What kind of unit_concept_id is 2110000000?

pavgra commented 5 years ago

This should be a unit of distance, e.g. miles (so something similar to http://athena.ohdsi.org/search-terms/terms/4121361). And I believe Geo Vocabs should introduce such concepts

cgreich commented 5 years ago

Units are in domain "Unit" and vocabulary "UCUM". And the question is if we want to standardize to km and get rid of the field altogether. Otherwise it is concept_id={9536, 9546, 9363}

pavgra commented 5 years ago

Otherwise it is concept_id={9536, 9546, 9363}

Nice to know, thanks

And the question is if we want to standardize to km and get rid of the field altogether

Since it simplifies things, sounds good for me. Anyway, Atlas / other tools will be able to convert units and therefore still allow end-user to work with any unit types

vojtechhuser commented 5 years ago

So nearest LabCorp may be 5 miles and nearest dialysis facility may be 15 miles. To calculate distance, (and assuming patient home is point A) - what are the specs for point B ?

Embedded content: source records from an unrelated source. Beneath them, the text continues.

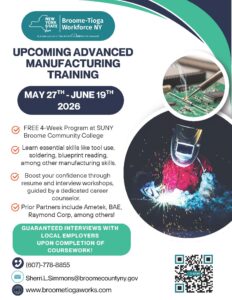 Registration is now open for SUNY Broome Advance Manufacturing Training! Classes start Wednesday, May 27th!
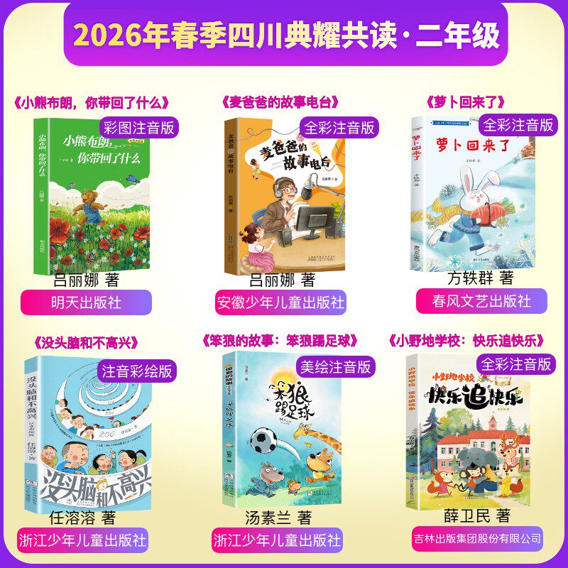 2026年春季四川典耀共读二年级必读阅读书目小熊布朗你带回了什么麦爸爸的故事电台萝卜回来了没头脑和不高兴笨狼踢足球快乐追快乐
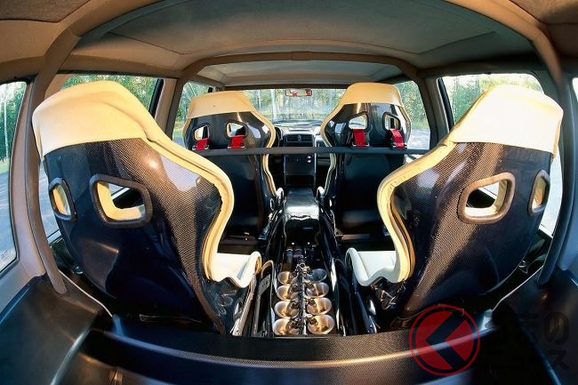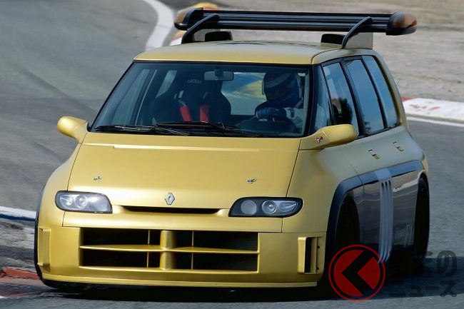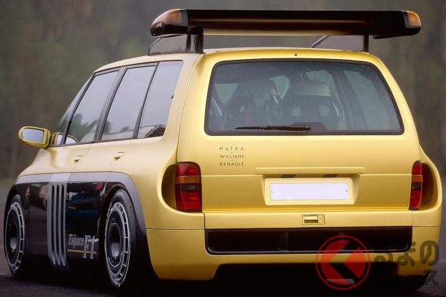 外観はエスパスのイメージを残しつつもボディサイドを大きく拡大し、ルーフ後部には巨大なウイングを装着。室内には4つのバケットシートが設置されてミニバンのイメージでつくられていましたが、エスパスの部品はごく一部で、むしろF1のシャシにエスパスに似た形状のボディをかぶせたようなものでした。
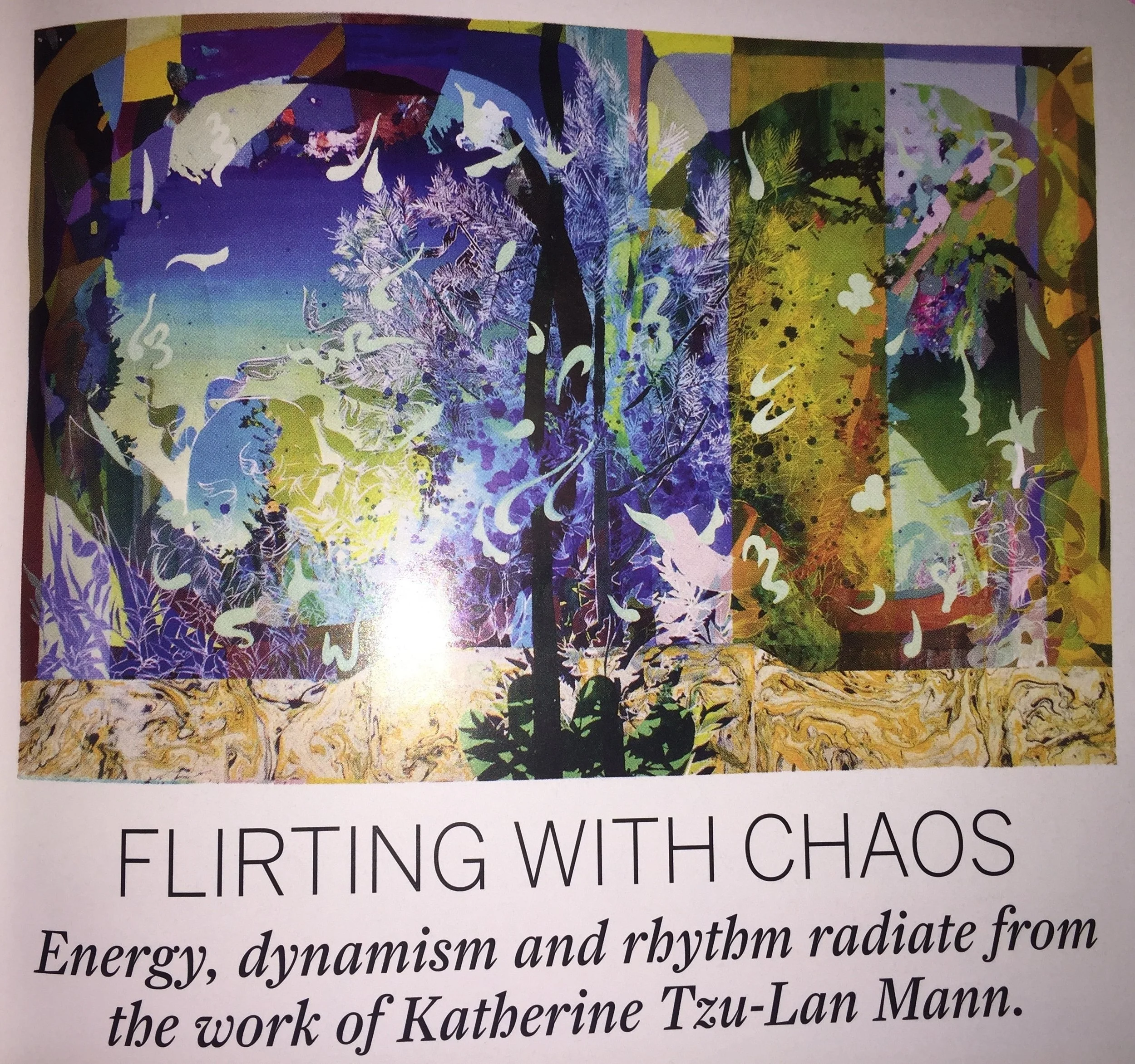 in Katherine Tzu-Lan’s painting process I discovered while reading about her in October 2018 Virginia Living is ironically the same as mine. We both begin each work with a “pour”, haphazardly pouring watered-down acrylic onto our flat surface. In her case, paper, and mine, raw (unprimed) canvas. This process apparently appeals to each of us as we enjoy the lack of control … the freedom of movement and happenchances that evolve. “This ‘chance operation’ becomes the starting point for the work.” Even though we haven’t met, I feel as though we’re kindred spirits.

clairblacketer commented 5 years ago

This is going to be discussed at the 4/9/2019 CDM meeting

clairblacketer commented 5 years ago

Here is the link to the vote for this proposal. If it passes it will go to the dev branch first and then a later discussion an vote will be held to put it in production.

don-torok commented 5 years ago

What is disadvantage of adding longitude and latitude as attributes of location table, other than they will be NULL for the vast majority of CDMs. Then location can be determine via your query.

cgreich commented 5 years ago

http://forums.ohdsi.org/t/cdm-votes-from-09apr2019-meeting/6590/5

clairblacketer commented 1 year ago

Closing as latitude and longitude were added to the location table.